Real-time Development & Patterns

• Resultat nur korrekt, wenn funktionale und zeitliche Anforderungen eingehalten werden

Soft vs Hard real-time

• Soft: Degraded wenn nicht in korrekter Zeit
• Hard: Inkorrekt wenn nicht in korrekter Zeit

=> Definiert durch

• possible stimuli

  • periodic stimuli - occur at predictable intervals
  • aperiodoic stimuli - occur at unpredictable times

• expected responses

• timing constraints

• Interrupts vs. Periodische Prozesse

• Monitoring Systems vs. Control Systems vs.

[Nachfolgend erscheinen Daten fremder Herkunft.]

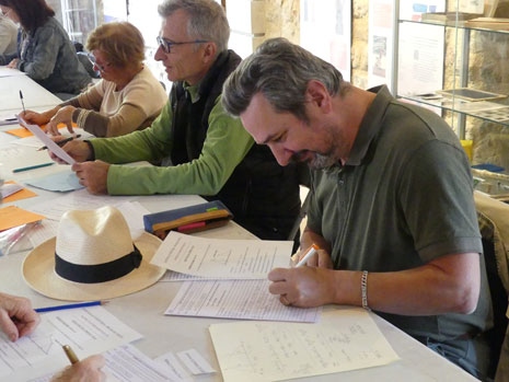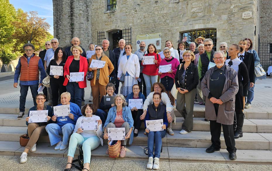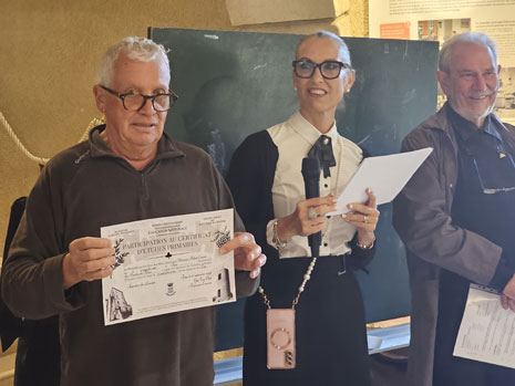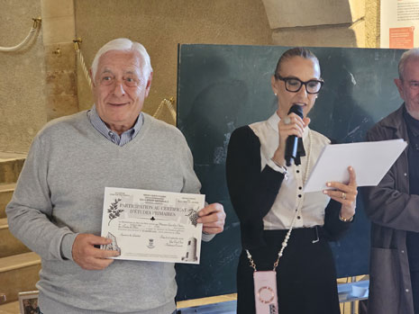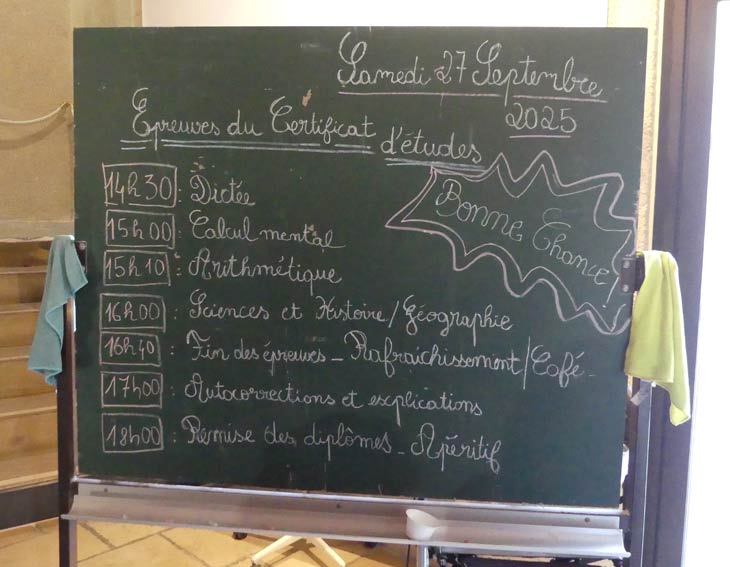 samedi 27 septembre 2025. Dans le cadre du mois spécial dédié à l'école, organisé par les services culturels et la médiathèque, Guy Van Oost, ex-président des Amis du village, avait proposé en début d'année à la mairie une grande nouveauté à Trets : repasser le fameux certificat d’études d’autrefois, mais "pour de faux". Un projet immédiatement validé par les élus et services, et qui a enchanté les participants ce samedi.

Data Acquisition Systems

• Sensor-Aktuator Schema

RT-OS

Benoetigt

• real-time clock
• interrupt handler
• scheduler
• resource manager
• dispatcher (process execution)

Prozessmanagement:

• Interrupt level priority: Wer zuerst auf Event reagieren soll
• Clock level priority: Wer die meiste Rechenzeit bekommt

Scheduling Strategien

Grobe Kategorisierungen:

• static vs dynamic
• non-preemptive vs pre-emptive
• mit/ohne statische/dynamische Priorities

Strategien:

• FIFO - dynamic, non pre-emptive, without priorities
• Fixed Priorities - dynamic, static priorities
• Earliest-Deadline First (EDF) - dynamic, dynamic priorities
• Least-Laxity-First (LLF) - dynamic, dynamic priorities
  • Laxity = deadline - now - remaining required CPU-time
• Time Slice Scheduling - dynamic, pre-emptive, without priorities

JamaicaVM: Real-Time JVM

Java Probleme:

• Indeterministisches Thread starting -> Hard Real-time Execution
• garbage collection -> Real-time Garbage Collection
• JIT
• Sandboxing der Hardware

System Design

• hardware software co-design
• simulation and prototyping

Prozess:

• Stimuli identifizieren
• Timing constraints
• Plattform waehlen
• Concurrent Processes
• Stimulus Processing entwerfen (State machines)
• Scheduling System entwerfen

Thread vs. Process

• Hier gleichbedeutend benutzt - basic unit of concurrency in UML
• Arrival Pattern: Periodisch/Aperiodisch
• Ausfuehrungszeit: Worst case oder average

Kommunikation

• Shared Memory
  • hat Konistenzprobleme
• Messageing
  • Blocking vs. non-blocking send
  • Sync/Async receive

Petrinetze

UML Concurrency Modeling

Dependability

• Verfuegbarkeit
• Verlaesslichkeit
• Versagens-Sicherheit (safety)
• Angreifer-Sicherheit (security)

Safety != Reliability: TODO: passt safety übersetung oben?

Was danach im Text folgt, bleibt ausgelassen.